* **INSTRUCTIONS FOR THE TASK**
In the material below, find the line with "Objetivo: explicar com" and the line with "The belligerent tone". Output exactly those two lines and all lines between them, leaving out pictures.

* **DATASET EXCERPTS**
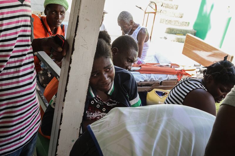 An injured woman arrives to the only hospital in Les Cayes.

...

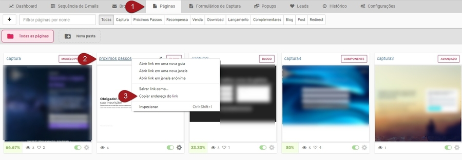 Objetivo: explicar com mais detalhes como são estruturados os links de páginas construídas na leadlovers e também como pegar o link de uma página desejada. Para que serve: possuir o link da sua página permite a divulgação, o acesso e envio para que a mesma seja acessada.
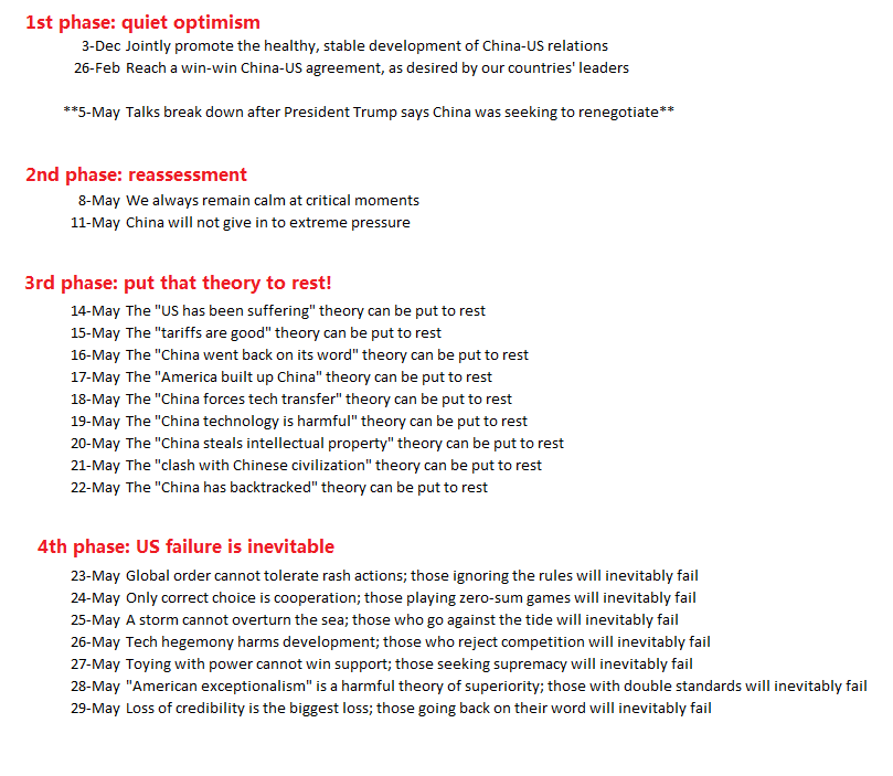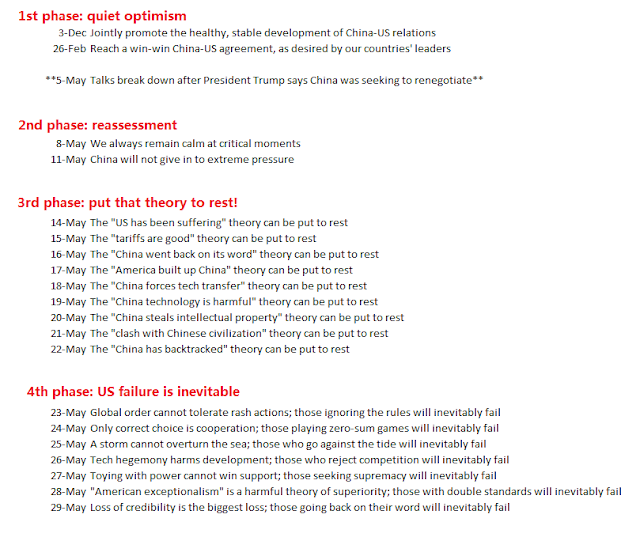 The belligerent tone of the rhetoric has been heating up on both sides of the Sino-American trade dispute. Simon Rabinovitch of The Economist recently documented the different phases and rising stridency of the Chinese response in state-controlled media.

* **ANSWER**
 Objetivo: explicar com mais detalhes como são estruturados os links de páginas construídas na leadlovers e também como pegar o link de uma página desejada. Para que serve: possuir o link da sua página permite a divulgação, o acesso e envio para que a mesma seja acessada.
 The belligerent tone of the rhetoric has been heating up on both sides of the Sino-American trade dispute. Simon Rabinovitch of The Economist recently documented the different phases and rising stridency of the Chinese response in state-controlled media.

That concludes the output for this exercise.